Die AWMF-S3-Leitlinie befasst sich mit psychosozialen Therapien für erwachsene Menschen (18 bis 65 Jahre) mit schweren psychischen Erkrankungen (Severe Mental Illness, SMI). Zu dieser Gruppe zählen Personen mit Diagnosen wie Schizophrenie, schweren affektiven Störungen oder schweren Persönlichkeitsstörungen, die durch langjährige Verläufe und erhebliche psychosoziale Beeinträchtigungen gekennzeichnet sind.

Ein zentrales Behandlungsziel ist das Konzept des Recovery. Dieses zielt nicht nur auf eine klinische Symptomreduktion ab, sondern fokussiert sich auf persönliches Wachstum, Empowerment und die Führung eines selbstbestimmten Lebens trotz krankheitsbedingter Einschränkungen.

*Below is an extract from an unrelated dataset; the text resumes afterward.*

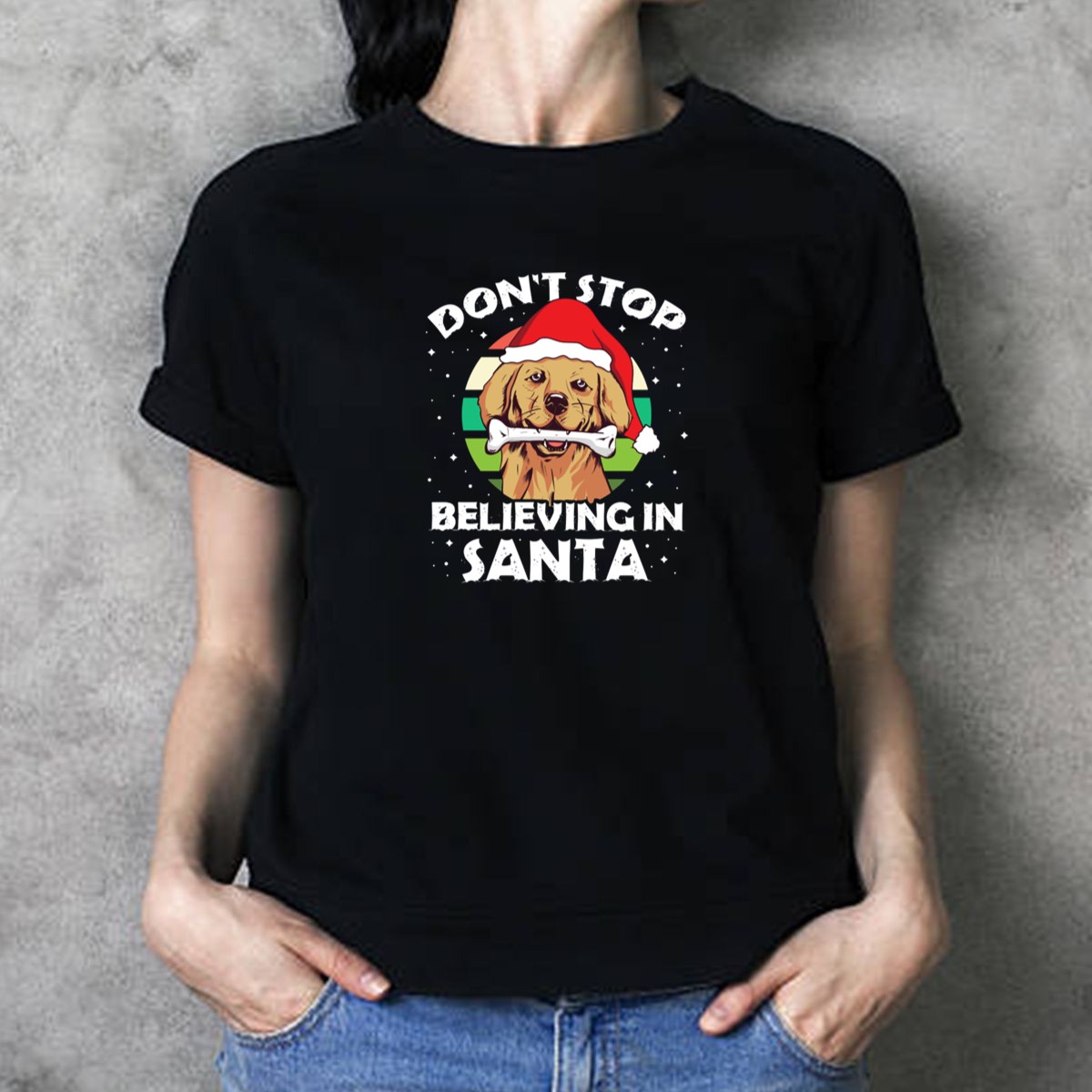 Celebrate the holiday season with our “Don’t Stop Believing In Santa” Golden Retriever Christmas Funny Dog T-Shirt! Perfect for dog lovers and festive enthusiasts alike, this playful and heartwarming design is ideal for casual outings, themed events, or simply spreading cheer during daily wear. Made for comfort and style, this shirt is a unique addition to your holiday wardrobe, showcasing your love for both Christmas and your furry friends.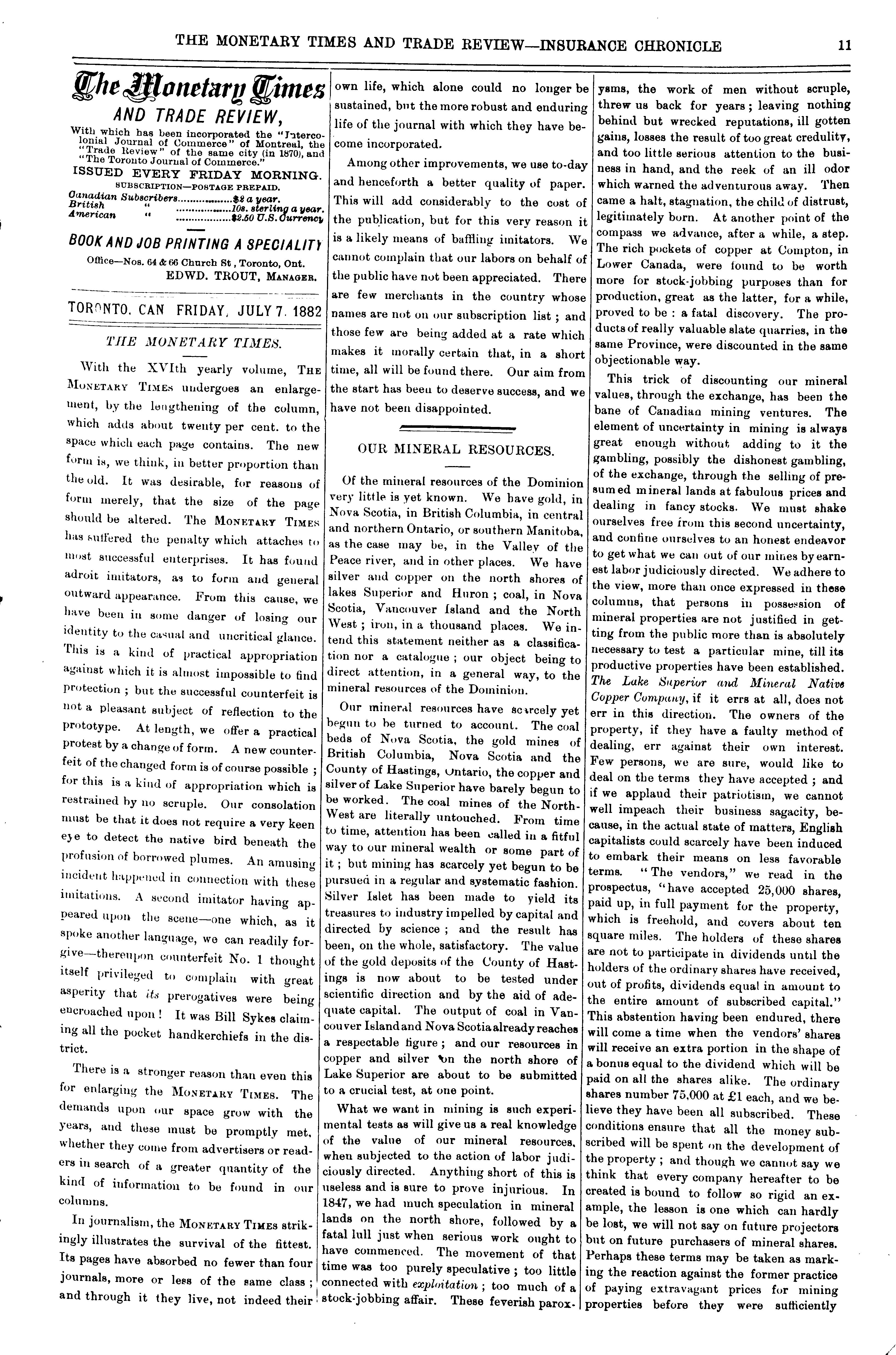 The monetary times, trade review and insurance chronicle : [Vol. 16, no. 1 (July 7, 1882)]

Die Leitlinie betont die Notwendigkeit einer personenzentrierten, multiprofessionellen und gemeindenahen Versorgung. Dabei wird ein ganzheitlicher Ansatz verfolgt, der neben der medizinischen Behandlung auch die soziale, kulturelle und berufliche Teilhabe der Betroffenen in den Mittelpunkt stellt.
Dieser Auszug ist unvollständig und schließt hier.